Earlier this year I wrote a list of 15 things I would train salespeople on instead of social selling. Here are 10 more skills I would develop before I would worry about training in social selling.
- How to defend their pricing: Your pricing is the investment your client needs to make to produce the new results they’re after. When you lower your price, you are also reducing their investment. You defend your price because you defend the investment, ensuring your client gets the results they need.
- How to have difficult conversations: Selling is conversations and commitments. Producing results requires difficult conversations about access to other people, about money, and about the right plan to execute. Many of these conversations never happen because the salesperson doesn’t have the language to engage the customer successfully around tough issues.

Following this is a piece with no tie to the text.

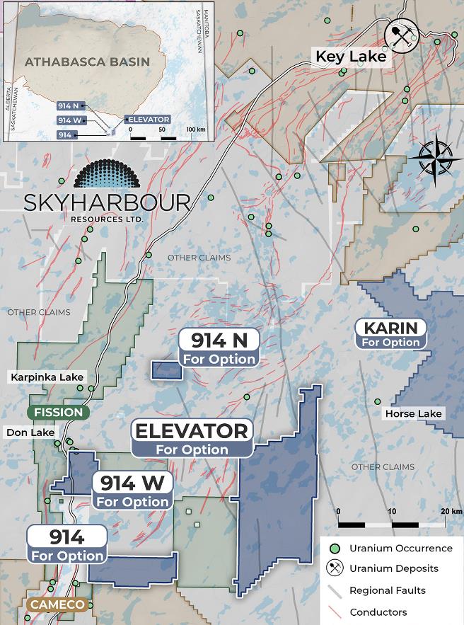 Skyharbour entered into an option agreement with North Shore Uranium on the Falcon Uranium Project whereby North Shore can earn an initial 80% interest in the claims over a three year period by fulfilling combined cash, share issuance and exploration expenditure commitments. North Shore is planning exploration and drilling to commence in early 2025.

- Befriend the gatekeeper: The role of the gatekeeper has changed. The digital gatekeeper is an obstacle. But gatekeepers now are those with the ability to provide you access to information and people. You need them on the team.
- Ask for referrals: Almost no one asks for referrals anymore. The failure to ask for referrals is especially true in business-to-business sales. But the people for whom you create value are more than happy to introduce you.
- How to do minimum viable research: It is best to separate research and prospecting. Some sales organizations need to do massive research. But most don’t need to do nearly as much as they believe necessary. You slow down your client acquisition and the results you produce for your clients when you take forever to make your calls.
- Prioritize their prospects and territory: Not all prospects are created equal. There are a lot of ways to plan your territory. Geography can work. So can the size of the potential opportunity. Different things work for different companies and different territories. Getting this right improves results, and it improves speed.
- How to refuse an RFP or control the process: If you aren’t shaping the decision factors and how the prospect weights them, it is tough to win an RFP. When you are asked to complete a blind RFP, you need to know how to push back in a way that allows you to get back to that shaping. Otherwise, you politely say, “No, thank you.”
- How to resolve concerns late in the sales cycle: Towards the end of your sales process, buyers want certainty that they are making the right decision. Leaving them alone to make this decision almost never works out in your favor. You have to control the process and be there for your client.
- How to use other-oriented language: I’ve heard a lot of salespeople use self-oriented language. They believe that talking about win-win deals, the need to be profitable, and their costs justify their need for their pricing. But it is self-oriented. “Other-oriented” language focuses on the investment the client needs to make to generate the results they need.
- How to plan a sales week: There is no such thing as time management. The only thing you can manage is what you do between the ticks on the clock. Planning that time to focus on doing the right work at the right time is critical to performing well. You need a plan for your whole week, lest you waste it bouncing around on the Internet.
Selling is more difficult than ever. You need chops. Go get some.